#### Exercise inputs ####
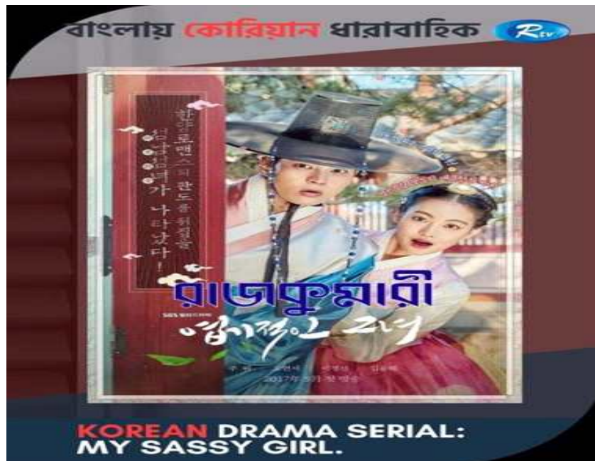
KCA가 K-콘텐츠 확산을 위해 방글라데시 방영권을 지원한다.

한국방송통신전파진흥원(KCA)이 국내 방송 콘텐츠의 방글라데시 방영을 지원한다. 이를 통해 K-콘텐츠와 한류 확산에 나선다는 계획이다.
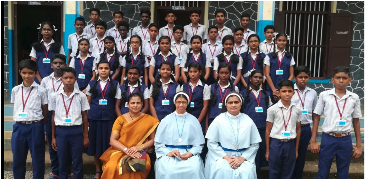
ലിറ്റിൽ കൈറ്റ്സ് 2018-19
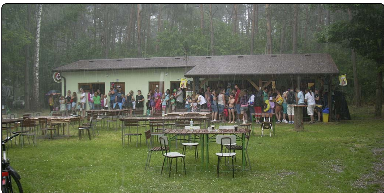
... dokud vše neukončila průtrž mračen s kroupami.
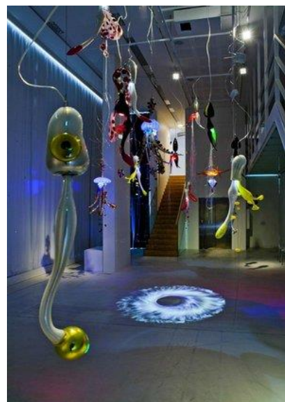
GLASMUSEET I EBELTOFT
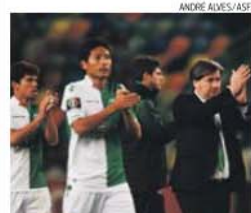
Equipa agradeceu apoio dos adeptos

→ Jogadores e treinadores agradeceram; Bruno de Carvalho foi o último a descer ao balneário
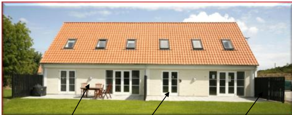
2.1 Facade 2.2 Vinduer og dør partier 2.3 Plankeværk
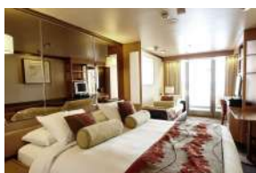
Junior Dream Σουίτα με μπαλκόνι κατηγορίας SJA
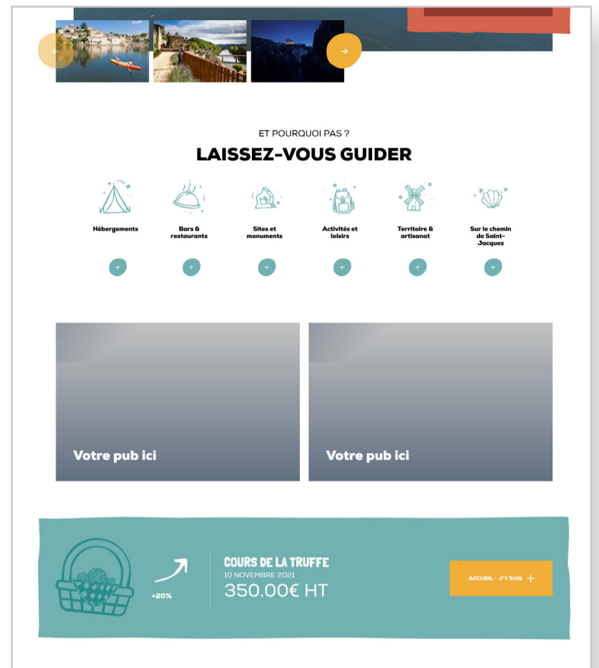
www.cahorsvalleedulot.com - maquette page d'accueil

DE 105 À 252€ HT 8 pages vues 9 915 fois (oct 22 - sept 23)
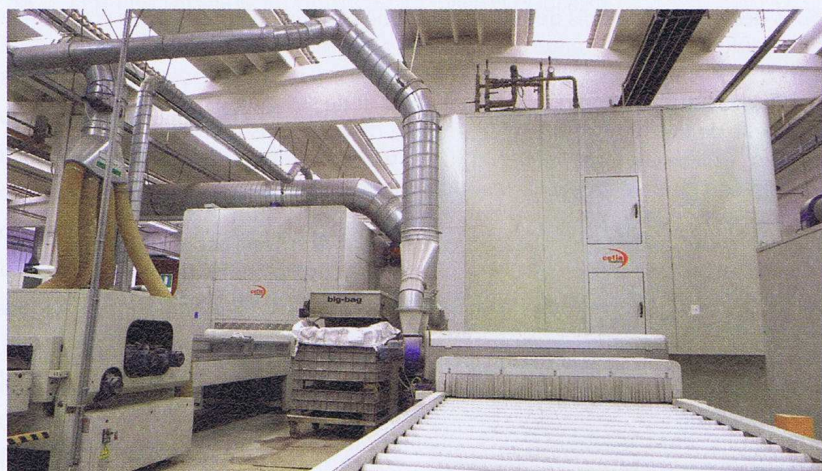
Pour les étapes de finition, une ligne de peinture Cefla.
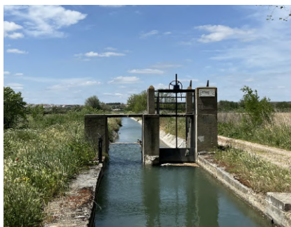
Compuerta del Cortijo
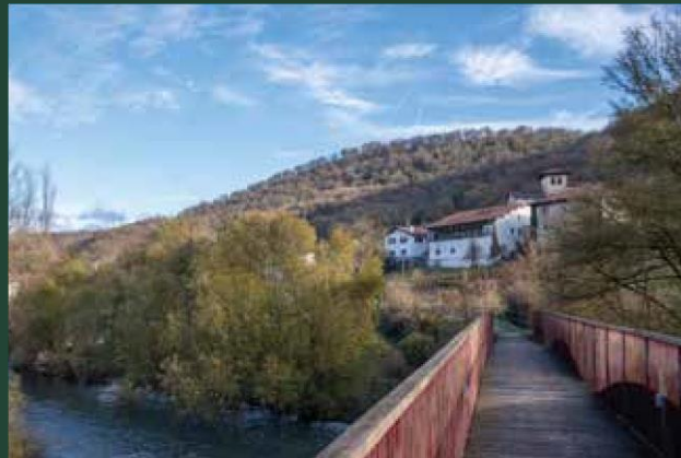
Vía verde Plazaola en Latasa-Imotz.
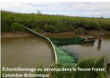
Échantillonnage au verveux dans le fleuve Fraser, Colombie-Britannique

Le FRC permet de répondre à un besoin défini, à savoir contrer les menaces pesant sur les écosystèmes aquatiques ainsi que la perte de biodiversité marine le long des côtes du Canada. Le programme a été conçu en fonction des priorités nationales établies dans le cadre du PPO, et les priorités régionales ont été établies en collaboration avec les intervenants. Les priorités établies ont été prises en compte dans l'évaluation des propositions de projets. Par conséquent, le FRC a versé un financement pour des projets pluriannuels de restauration à grande échelle qui sont conformes aux priorités nationales et régionales, comme l'amélioration du passage du poisson et l'annulation des modifications historiques aux côtes.
####
Goal of the exercise. What the answer must hold is the exact text of every line from the one containing "Vía verde Plazaola en Latasa-Imotz." through the end of the data, minus any pictures.

Exercise answer.
Vía verde Plazaola en Latasa-Imotz.
Échantillonnage au verveux dans le fleuve Fraser, Colombie-Britannique

Le FRC permet de répondre à un besoin défini, à savoir contrer les menaces pesant sur les écosystèmes aquatiques ainsi que la perte de biodiversité marine le long des côtes du Canada. Le programme a été conçu en fonction des priorités nationales établies dans le cadre du PPO, et les priorités régionales ont été établies en collaboration avec les intervenants. Les priorités établies ont été prises en compte dans l'évaluation des propositions de projets. Par conséquent, le FRC a versé un financement pour des projets pluriannuels de restauration à grande échelle qui sont conformes aux priorités nationales et régionales, comme l'amélioration du passage du poisson et l'annulation des modifications historiques aux côtes.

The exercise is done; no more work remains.